Вызов Сталину в письме Зиновьева был заявлен вполне определенно, хотя и без деталей. Зиновьев делал упор на то, что Сталин манипулировал Политбюро, фактически единолично принимал решения от его имени. Важно подчеркнуть обращение Зиновьева к последним диктовкам Ленина: «Ильич был тысячу раз прав». Зиновьев использовал их как один из аргументов в борьбе со Сталиным. В Кисловодске Зиновьев договорился о совместных действиях с Бухариным, которого тоже обидели некоторые сталинские поступки. Были проведены консультации с другими известными деятелями партии, находившимися в то время на юге. Точную формулу предложений не доверили бумаге. Сталину отправили «говорящее письмо». Отъезжавший в Москву Орджоникидзе должен был передать все на словах. В силу этого мы не знаем подробностей того, что предлагали «отпускники» Сталину. Из различных заявлений, которые были сделаны в последующие годы, следует, что речь шла о реорганизации Секретариата ЦК. Предлагалось оставить в нем Сталина, но одновременно ввести туда Зиновьева и Троцкого. Это означало создание нового баланса сил в вотчине Сталина – аппарате ЦК.
Сталин, как и следовало ожидать, был возмущен и, возможно, даже разъярен. Однако претензиям «друзей» он не смог противопоставить ничего иного, кроме позы обиженного и обвинений в подрыве единства. 3 августа 1923 г., сразу после встречи с Орджоникидзе, Сталин написал Зиновьеву и Бухарину:
[…] Вы, видимо, не прочь
Это в меру злое, в меру дружелюбное письмо ясно демонстрировало сравнительно скромные возможности Сталина в противостоянии с коллегами в середине 1923 г. Предложения же Зиновьева и Бухарина свидетельствовали о том, что они пока еще считали возможным ограничить влияние Сталина всерьез. Обиды Сталина не произвели на них особого впечатления. Демонстративно спокойно, но твердо они дали Сталину понять: разговор не окончен. Встреча могла состояться уже в ближайшее время на юге, куда Сталин собирался в отпуск с середины августа.
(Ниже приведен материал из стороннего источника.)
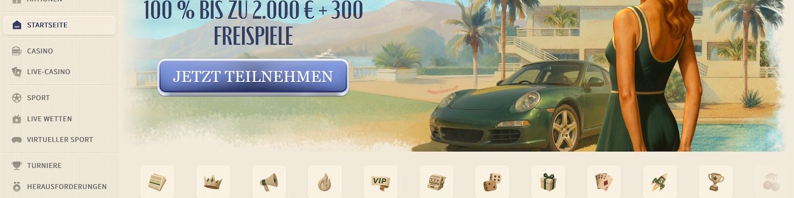 100% bis zu 2000 € + 300 Freispiele Neukundenbonus

Такой вариант событий вряд ли устраивал Сталина. В руках у его оппонентов были все козыри. Само предложение о реорганизации Секретариата выглядело вполне благообразно, как стремление к единству и сплочению рядов. Возражения же Сталина, наоборот, с легкостью могли быть истолкованы как нежелание работать в команде, подтверждение нелояльности, о которой писал Ленин. Конкретные свежие примеры нарушения Сталиным принципа коллективного руководства, которые выдвигал Зиновьев, были также не в пользу Сталина. Особенно опасными выглядели заявления Зиновьева и Бухарина о неправильной позиции Сталина по германским событиям.
Кризисы, потрясавшие Германию с начала 1923 г., возродили в Москве старые мечты о спасительной европейской революции. Социализм в Германии был панацеей для большевиков, которые все еще плохо представляли себе перспективы социалистического СССР. Вместе с тем поражения революционных выступлений в Европе в предыдущие годы взывали к осмотрительности. Сталин был среди тех членов Политбюро, которые предпочитали действовать осторожно. Зиновьев и Бухарин рвались в бой, как и Троцкий, для которого мировая революция оставалась непременным условием победы социализма в России. Осторожность Сталина становилась политически опасной, давала его соперникам важные козыри. Сталин вовремя осознал это. Соединив грозящие ему вызовы в единое целое, он предпринял эффективный политический маневр. 9 августа 1923 г., в разгар переписки с Зиновьевым и Бухариным, Сталин инициировал решение Политбюро о вызове Зиновьева, Троцкого и Бухарина из отпуска в Москву для обсуждения перспектив германской революции[220]. Все трое, естественно, ответили согласием. Встреча была назначена на 21 августа.